Exercise goal: Only the lines from the one holding "量化-量化图大致是线性的。我们叠加了一个斜率为 2.2 的虚线,它很好地对齐了分位数,这表明" to the end of the data should be echoed, exactly as they appear, minus the pictures.

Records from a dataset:
================
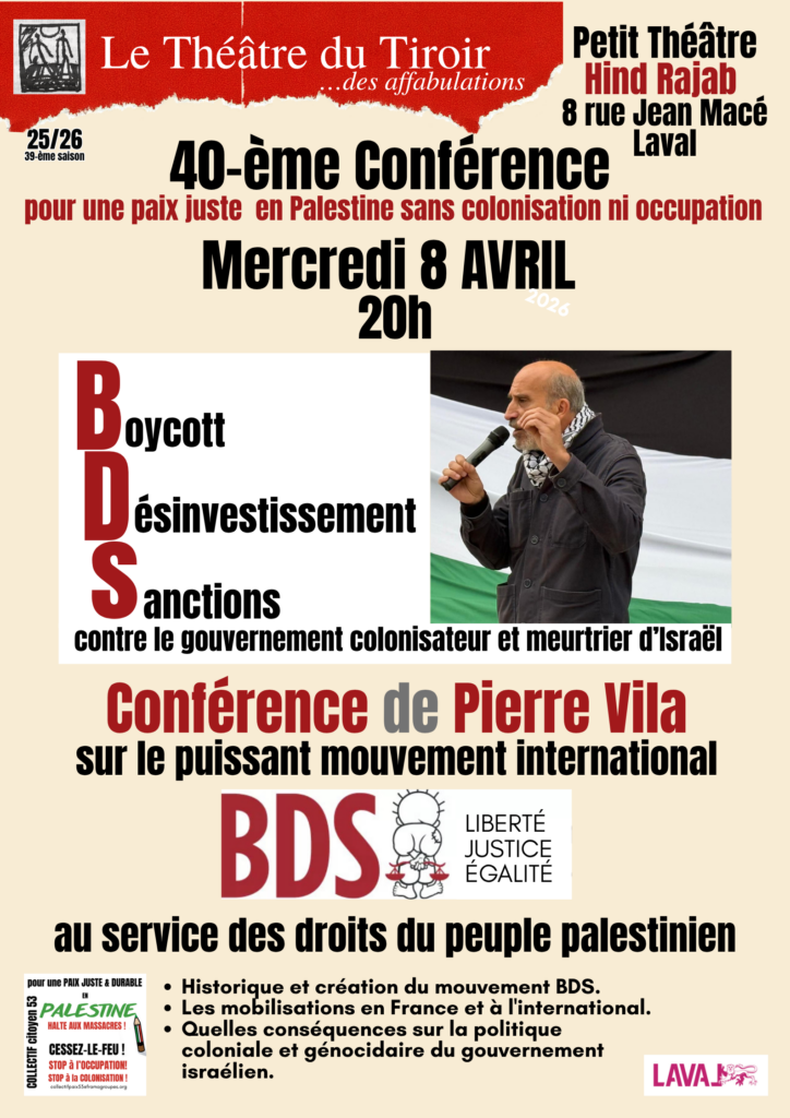 24ème conférence pour la paix mercredi 6 novembre 2024- 20h- Petit théâtre Jean Macé LAVAL
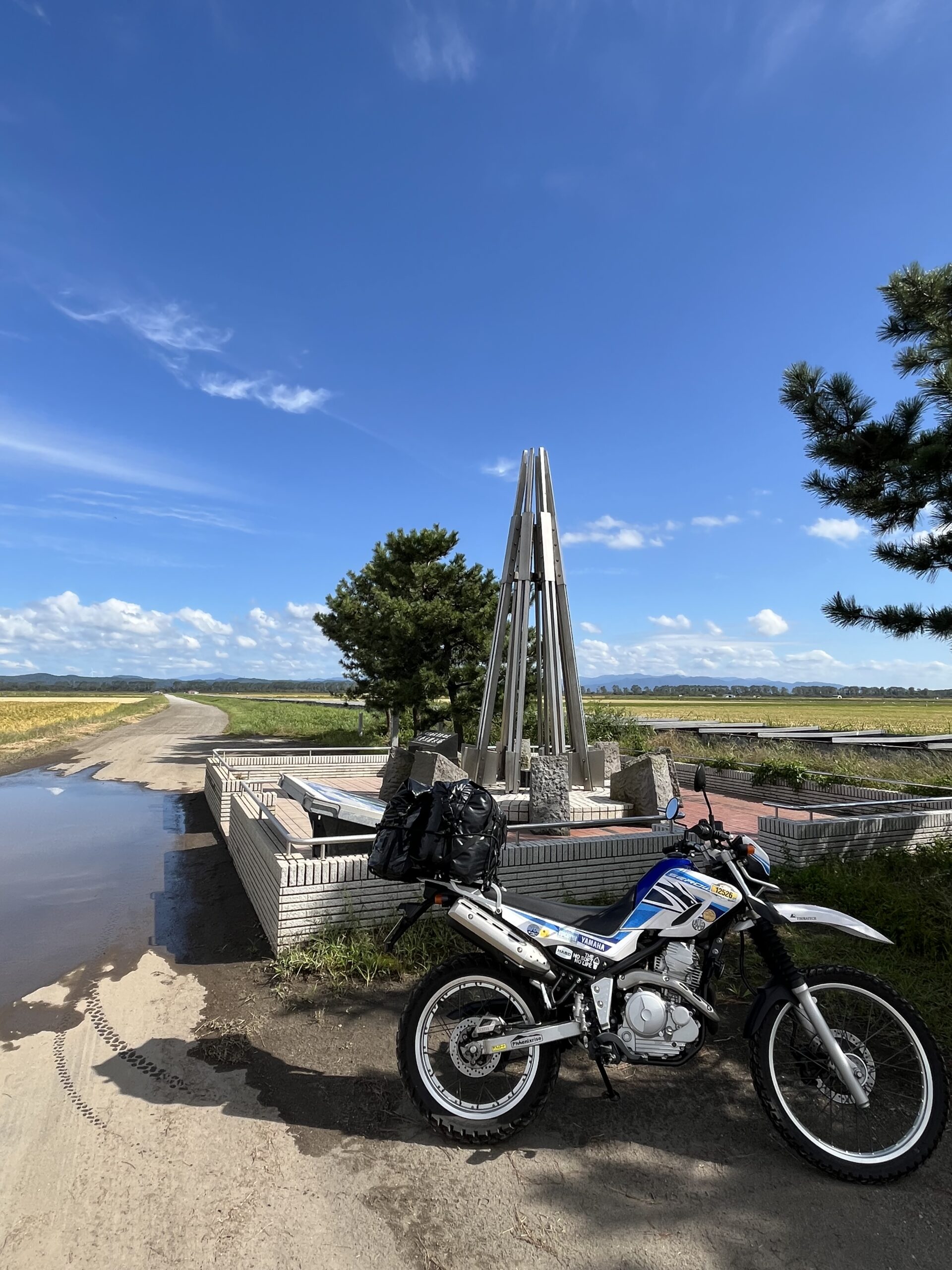 しばらくまっすぐな道を走っていくと田んぼの真ん中にモニュメント的なものが。
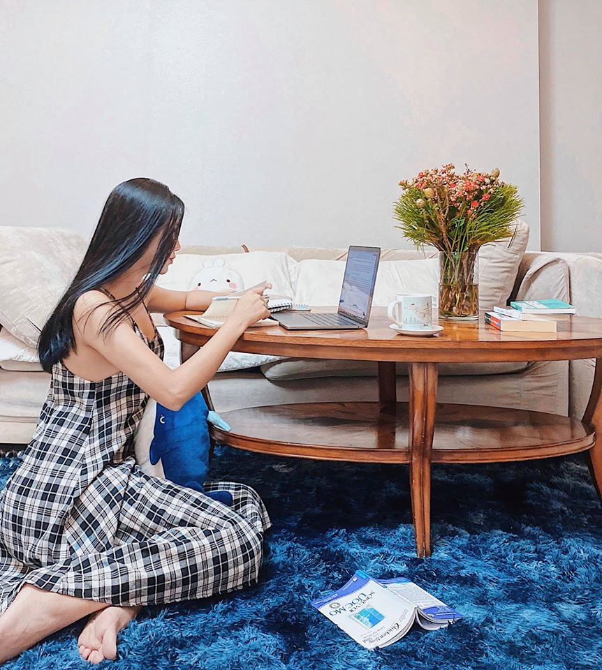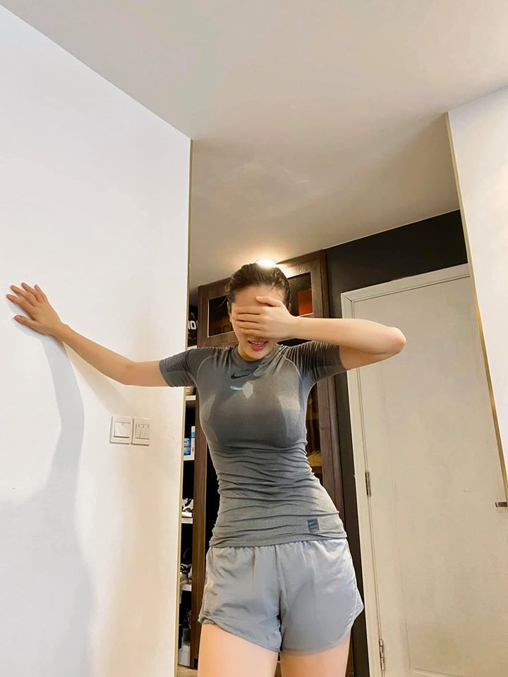 Hoa hậu Kỳ Duyên tranh thủ tập thể dục ở trong nhà.
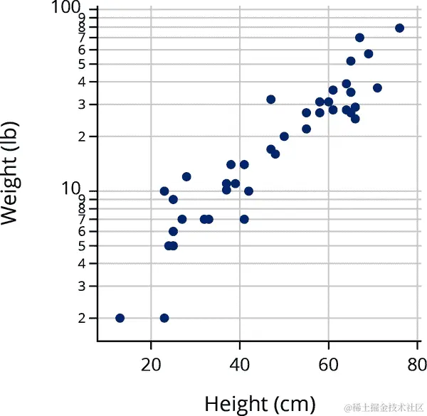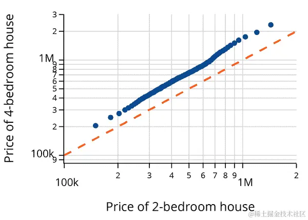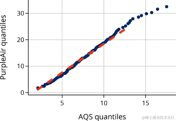 量化-量化图大致是线性的。我们叠加了一个斜率为 2.2 的虚线,它很好地对齐了分位数,这表明 PurpleAir 测量的分布约是 AQS 的两倍。
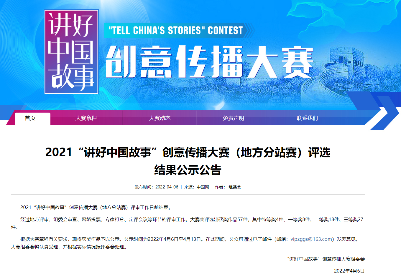 中国网:2021“讲好中国故事”创意传播大赛(地方分站赛)评选结果公示公告
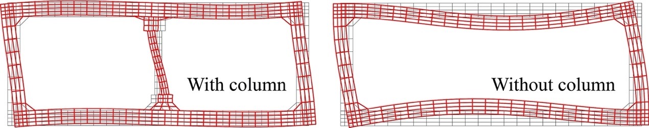 3.根據數值模擬得到的結構變形演化過程(見圖6),可以將大開車站的破壞分為三個階段:I)中柱在水平和豎向地震動共同作用下失效;II)中柱承擔的上覆土和后續地震荷載向頂板轉移,并引起頂板混凝土損傷發育;III)頂板破壞沉降引起結構整體垮塌。通過對比有無中柱截面的地震變形模式(見圖7),可知結構幾何形狀(頂板和側壁的剛度比)對地下結構的地震響應有很大的影響;頂板的剛度大于側墻的剛度,有利于地下結構的抗震。
================
Task answer:
 量化-量化图大致是线性的。我们叠加了一个斜率为 2.2 的虚线,它很好地对齐了分位数,这表明 PurpleAir 测量的分布约是 AQS 的两倍。
 中国网:2021“讲好中国故事”创意传播大赛(地方分站赛)评选结果公示公告
 3.根據數值模擬得到的結構變形演化過程(見圖6),可以將大開車站的破壞分為三個階段:I)中柱在水平和豎向地震動共同作用下失效;II)中柱承擔的上覆土和后續地震荷載向頂板轉移,并引起頂板混凝土損傷發育;III)頂板破壞沉降引起結構整體垮塌。通過對比有無中柱截面的地震變形模式(見圖7),可知結構幾何形狀(頂板和側壁的剛度比)對地下結構的地震響應有很大的影響;頂板的剛度大于側墻的剛度,有利于地下結構的抗震。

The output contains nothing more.